I turn on the TV. I flip through the channels.
And then I wake up in the morning to the sound of Gabby’s voice. “Where did this chocolate pudding come from?”
I lie on Ethan’s couch and stare up at the ceiling. He went to work today. I spent the morning cleaning up his apartment. Not his messes, mind you. But my own. My clothes were strewn across all of his furniture. His kitchen sink was full of dirty dishes that were mostly, if not all, mine. My stray hairs were pasted in a tangled-rope fashion across his shower walls. But now everything is spotless, and I’m forced to admit I have nothing to do. With Ethan back to work and life returning to normal, I realize I have no normal.
Gabby is picking me up when she leaves her office around six. We are heading to her parents’ house for dinner. But until then, I’ve got nothing.
I turn on Ethan’s TV and flip through the channels. I check his DVR for anything that piques my interest. I come up empty and turn it off. The silence proves to amplify the voice in my head, telling me I need to get a life.
Flirting and spending your days in bed and eating cinnamon rolls with your old high school boyfriend is a wonderful way to pass the time. But what is going on between Ethan and me doesn’t solve the challenges that lie ahead.
I grab a pen and a piece of paper from Ethan’s desk and start scribbling down a plan.
I am a fly-by-the-seat-of-my-pants type of person. I am a see-where-life-takes-you sort of person. But that sort of approach to life isn’t yielding results for me. It gets me paying the bills waiting tables and sleeping with married men. I don’t want that anymore. I want to try order instead of chaos.
I can do that. I can be an organized person. Right? I mean, I did clean this entire apartment today. It’s orderly and contained now. There’s no sign that Hurricane Hannah hit. And maybe that’s because I don’t have to be a hurricane.
I want to build a life here. In Los Angeles. So I’m starting with a list.
Suddenly, I start to feel queasy.

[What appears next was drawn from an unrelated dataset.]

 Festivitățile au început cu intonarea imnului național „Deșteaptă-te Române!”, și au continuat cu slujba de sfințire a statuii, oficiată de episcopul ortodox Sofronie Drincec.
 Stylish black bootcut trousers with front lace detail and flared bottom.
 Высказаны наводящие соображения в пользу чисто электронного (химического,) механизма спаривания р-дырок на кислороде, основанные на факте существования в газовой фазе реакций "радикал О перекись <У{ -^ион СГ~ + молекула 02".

My stomach turns sour. But then the phone rings, and my mind is elsewhere.
“Hi. Are you ready to be shocked? I’m making a list. An actual, organized life-plan list.”
“Who is this, and what have you done with Hannah?” she says, laughing.

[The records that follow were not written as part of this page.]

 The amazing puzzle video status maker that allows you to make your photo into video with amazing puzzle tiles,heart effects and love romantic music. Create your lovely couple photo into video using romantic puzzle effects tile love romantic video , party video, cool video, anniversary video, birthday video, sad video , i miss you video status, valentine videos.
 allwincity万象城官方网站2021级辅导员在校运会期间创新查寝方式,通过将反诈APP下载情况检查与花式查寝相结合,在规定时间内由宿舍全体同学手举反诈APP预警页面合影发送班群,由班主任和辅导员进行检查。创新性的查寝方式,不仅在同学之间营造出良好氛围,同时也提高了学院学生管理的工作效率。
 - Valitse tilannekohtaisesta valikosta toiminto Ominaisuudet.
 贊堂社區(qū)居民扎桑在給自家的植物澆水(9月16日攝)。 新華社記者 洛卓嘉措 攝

“If you want her back, you’ll listen to me,” I say. “I need a million dollars in unmarked, nonconsecutive bills.”
“I’ll need time to get together that kind of money.”
“You have twelve hours.”
“Oh,” she says. “I definitely can’t do that in twelve hours. Just kill her. It’s fine. She’ll like heaven.” Why did it take me this long to realize I should be in the same city as her?
“Hey!” I say, laughing.
She starts laughing with me. “Ohhhh,” she says. “Hannah, it’s you! I had no idea.”

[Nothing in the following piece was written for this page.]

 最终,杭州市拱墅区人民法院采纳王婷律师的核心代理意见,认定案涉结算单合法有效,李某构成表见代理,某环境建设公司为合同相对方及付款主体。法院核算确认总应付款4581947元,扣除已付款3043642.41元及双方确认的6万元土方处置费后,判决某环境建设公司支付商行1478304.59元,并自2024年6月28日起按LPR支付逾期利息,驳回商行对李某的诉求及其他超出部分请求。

“Yeah, yeah, yeah,” I say. “But don’t come crying to me when you get kidnapped.”
She laughs again. “I called to tell you I’m coming by earlier than I thought. Probably around five, if that works for you. I’ll bring you back to my place, and then we can head out to Pasadena to see my parents around seven or so.”
“Awesome. I’ll hurry up and finish this list,” I say, and then we get off the phone.
I look at the piece of paper in front of me. It says “Buy a car.” That’s the first thing I wrote down. The only thing I wrote down.
I quickly scribble “Get a job,” and I waver about whether or not to put down “Find an apartment.” The truth is, between Ethan and Gabby, I have plenty of options for where to stay. It seems fair to assume I’ll figure something out. But then I decide no, I’m putting it down. I’m not going to see what happens. I’m going to make a plan. I’m going to be proactive.
It seems so simple, written out in order. For a moment, as I look at it, I think, Is that all? And then I realize that simple and easy aren’t the same thing.
By the time Gabby comes to pick me up, I’m standing on the sidewalk waiting for her.
I get into the car, and Gabby starts driving.
She looks at me and shakes her head, smiling. I am grinning from ear to ear.
“Did I call this, or did I call this?” she says.
“Call what?” I ask, laughing.
“You and Ethan.”
I shake my head. “It just happened!” I say. “I didn’t know it was going to happen.”
“But didn’t I say that it would?”
“Neither here nor there,” I say. “The point is, we’re together now.”